ActionScript achieved something resembling its current syntax (retroactively named ActionScript 1.0) in Flash 5, the first version of Flash to be thoroughly programmable. Flash 6 broadened the power of the programming environment by adding many more built-in functions and allowing more programatic control of movie elements. Flash 7 (MX 2004) introduced ActionScript 2.0, which adds strong typing and object-oriented features such as explicit class declarations, inheritance, interfaces, and encapsulation. ActionScript 1.0 and 2.0 share the same compiled form within Flash SWFs.

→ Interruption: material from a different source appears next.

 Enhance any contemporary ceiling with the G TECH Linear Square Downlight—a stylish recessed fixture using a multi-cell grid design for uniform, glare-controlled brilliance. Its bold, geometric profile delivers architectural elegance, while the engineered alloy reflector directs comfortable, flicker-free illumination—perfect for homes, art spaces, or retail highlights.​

Features of the Flash ActionScript implementation that JavaScript programmers may find interesting:

  • Everything is designed to be asynchronous; callbacks are ubiquitous, but Event objects do not exist.
  • The XML implementation has been solid since Flash 5. Flash can send and receive XML asynchronously.

ActionScript code is frequently written directly in the Flash authoring environment, which offers reference and syntax highlighting. In this case, the source code is saved along with the rest of the movie in a .fla file. It is also common for ActionScript code to be imported from external text files via #include statements. In this case, the external files are often given .as extensions, but this is not a universal convention.

In ActionScript 2.0 there can be classes, and also, a library item (a movie clip) can be associated with a class. Classes are always written in external text files, and these files must have the .as extension.

The ActionScript 2.0 compiler is notoriously slow, often taking several minutes to compile around 100 classes.

History

  • Flash Player 2: First version with any scripting support, actions included gotoAndPlay, gotoAndStop, nextFrame and nextScene.
  • Flash Player 3: Expanded basic script support with the ability to load external SWFs (loadMovie).
  • Flash Player 4: First player with a full scripting implementation (called Actions). The scripting was a slash based syntax and contained support for loops, conditionals, variables and other basic language constructs.
  • Flash Player 6: Added an event handling model, and support for switch.
  • Flash Player 7: Flash Player 7 offered some new features such as CSS text and performance improvements. Macromedia Flash compilers released alongside Flash Player 7 also support ActionScript 2.0, a Class programming language based on the ECMAScript 4 Netscape Proposal. However, Actionscript 2.0 compiles down to ActionScript 1.0 byte-code, so it can be run by Flash Player 6.